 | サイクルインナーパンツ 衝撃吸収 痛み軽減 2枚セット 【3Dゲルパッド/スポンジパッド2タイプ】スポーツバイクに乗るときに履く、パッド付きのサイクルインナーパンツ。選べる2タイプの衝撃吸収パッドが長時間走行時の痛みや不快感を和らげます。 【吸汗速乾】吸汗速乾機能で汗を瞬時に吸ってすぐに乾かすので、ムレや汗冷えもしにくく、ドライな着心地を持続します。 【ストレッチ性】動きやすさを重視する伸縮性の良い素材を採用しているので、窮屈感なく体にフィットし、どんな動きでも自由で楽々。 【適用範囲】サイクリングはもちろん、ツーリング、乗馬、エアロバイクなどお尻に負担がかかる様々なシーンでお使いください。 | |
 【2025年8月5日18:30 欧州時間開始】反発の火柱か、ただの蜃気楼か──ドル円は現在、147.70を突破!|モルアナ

...

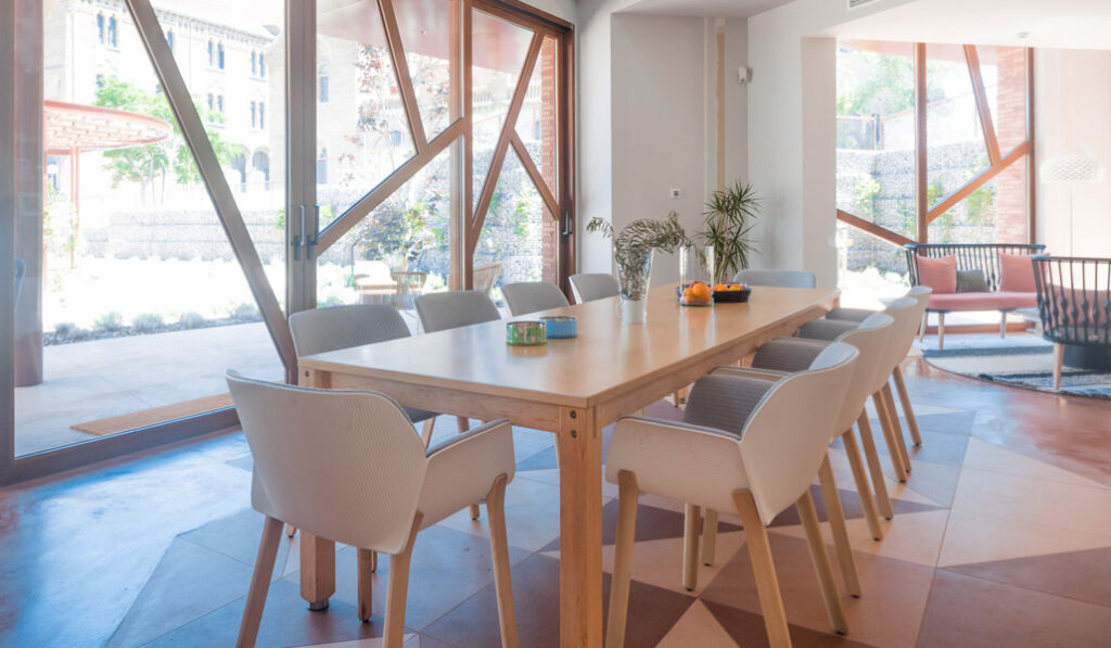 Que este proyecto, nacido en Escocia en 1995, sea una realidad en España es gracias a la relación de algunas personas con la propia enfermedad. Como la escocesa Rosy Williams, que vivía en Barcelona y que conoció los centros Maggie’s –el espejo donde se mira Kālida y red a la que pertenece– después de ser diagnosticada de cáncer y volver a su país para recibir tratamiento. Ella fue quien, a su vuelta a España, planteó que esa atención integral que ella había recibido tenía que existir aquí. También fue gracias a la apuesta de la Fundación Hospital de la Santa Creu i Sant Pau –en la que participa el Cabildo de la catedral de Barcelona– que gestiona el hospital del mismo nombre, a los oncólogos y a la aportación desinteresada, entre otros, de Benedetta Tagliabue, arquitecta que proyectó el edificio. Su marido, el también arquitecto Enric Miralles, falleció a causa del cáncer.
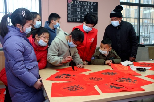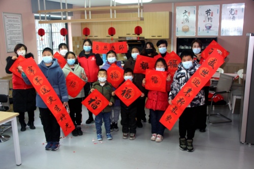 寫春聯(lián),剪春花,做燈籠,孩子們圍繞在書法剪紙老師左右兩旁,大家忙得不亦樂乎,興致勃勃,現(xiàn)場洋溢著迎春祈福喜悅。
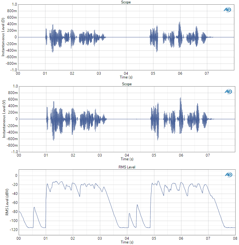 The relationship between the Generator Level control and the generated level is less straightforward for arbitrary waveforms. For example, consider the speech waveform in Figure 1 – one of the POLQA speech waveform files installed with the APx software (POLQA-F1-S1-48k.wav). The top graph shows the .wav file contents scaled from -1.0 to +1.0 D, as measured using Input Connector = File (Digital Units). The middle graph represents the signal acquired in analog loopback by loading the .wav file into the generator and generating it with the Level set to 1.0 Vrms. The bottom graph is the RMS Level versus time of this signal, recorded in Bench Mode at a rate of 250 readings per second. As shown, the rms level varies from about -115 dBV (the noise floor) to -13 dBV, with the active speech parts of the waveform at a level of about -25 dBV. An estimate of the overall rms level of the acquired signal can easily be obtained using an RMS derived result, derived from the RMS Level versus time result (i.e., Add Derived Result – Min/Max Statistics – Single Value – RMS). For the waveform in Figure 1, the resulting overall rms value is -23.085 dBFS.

---

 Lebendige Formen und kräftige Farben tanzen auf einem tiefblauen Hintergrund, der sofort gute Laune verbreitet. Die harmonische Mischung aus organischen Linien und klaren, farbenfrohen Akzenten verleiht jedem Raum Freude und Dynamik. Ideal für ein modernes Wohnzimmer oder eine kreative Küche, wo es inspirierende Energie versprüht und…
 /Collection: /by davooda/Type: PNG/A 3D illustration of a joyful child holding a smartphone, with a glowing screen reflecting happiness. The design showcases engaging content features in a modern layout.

• What you will do: Transcribe each line of the data above, unaltered, from the one where "Lebendige Formen und" appears to the one where "a modern layout." appears, inclusive of both.

• Result:
 Lebendige Formen und kräftige Farben tanzen auf einem tiefblauen Hintergrund, der sofort gute Laune verbreitet. Die harmonische Mischung aus organischen Linien und klaren, farbenfrohen Akzenten verleiht jedem Raum Freude und Dynamik. Ideal für ein modernes Wohnzimmer oder eine kreative Küche, wo es inspirierende Energie versprüht und…
 /Collection: /by davooda/Type: PNG/A 3D illustration of a joyful child holding a smartphone, with a glowing screen reflecting happiness. The design showcases engaging content features in a modern layout.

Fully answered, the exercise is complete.